Content starts

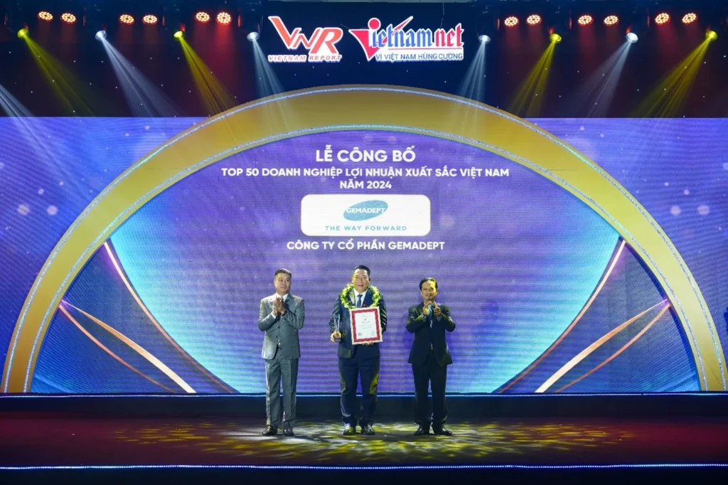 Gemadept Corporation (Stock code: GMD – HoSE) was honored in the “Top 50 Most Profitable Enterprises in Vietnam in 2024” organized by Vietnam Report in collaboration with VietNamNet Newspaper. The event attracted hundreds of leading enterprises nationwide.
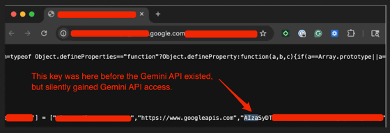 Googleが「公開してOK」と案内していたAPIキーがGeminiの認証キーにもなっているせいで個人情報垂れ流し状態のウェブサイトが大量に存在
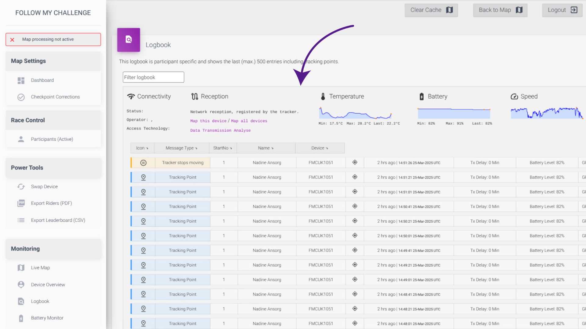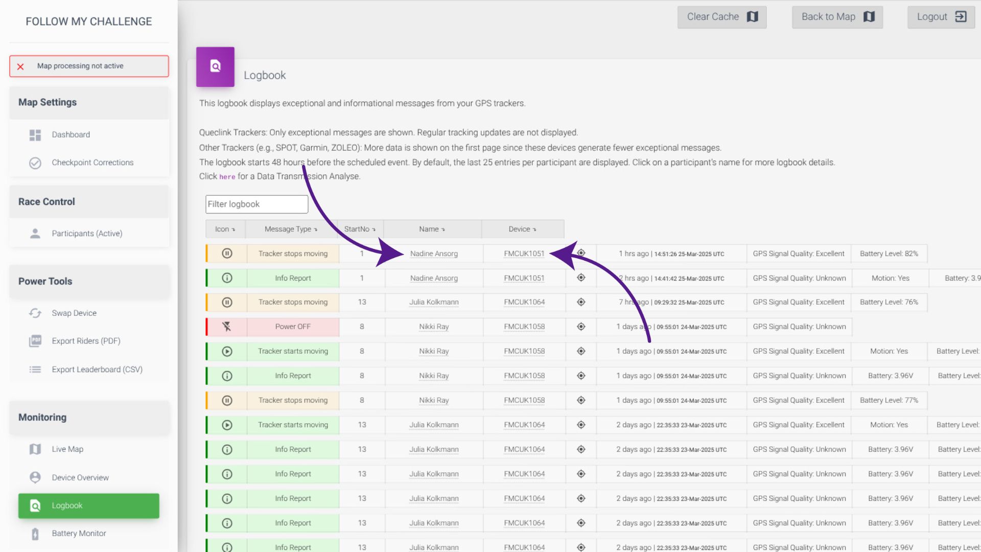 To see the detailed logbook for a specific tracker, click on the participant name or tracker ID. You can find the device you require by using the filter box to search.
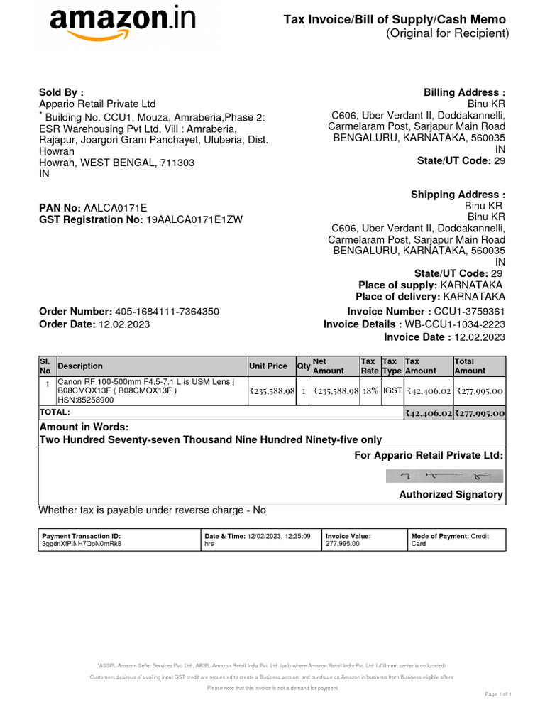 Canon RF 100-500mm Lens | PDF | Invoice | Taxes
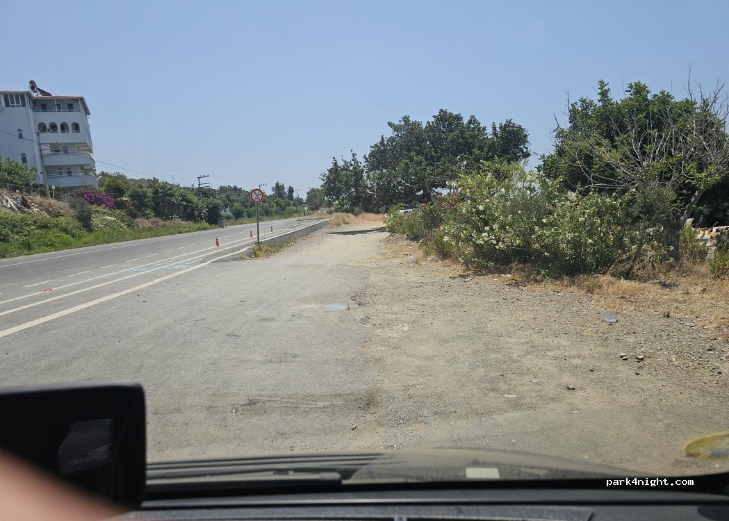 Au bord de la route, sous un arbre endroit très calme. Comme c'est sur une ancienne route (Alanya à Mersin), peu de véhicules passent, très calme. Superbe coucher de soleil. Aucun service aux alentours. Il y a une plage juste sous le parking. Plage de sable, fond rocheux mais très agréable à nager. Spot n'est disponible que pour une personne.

Content ends

Task item:
Write out exactly the lines from the one containing "Canon RF 100-500mm" through the last line of the records above, both ends included, and leave out any pictures.

Response:
 Canon RF 100-500mm Lens | PDF | Invoice | Taxes
 Au bord de la route, sous un arbre endroit très calme. Comme c'est sur une ancienne route (Alanya à Mersin), peu de véhicules passent, très calme. Superbe coucher de soleil. Aucun service aux alentours. Il y a une plage juste sous le parking. Plage de sable, fond rocheux mais très agréable à nager. Spot n'est disponible que pour une personne.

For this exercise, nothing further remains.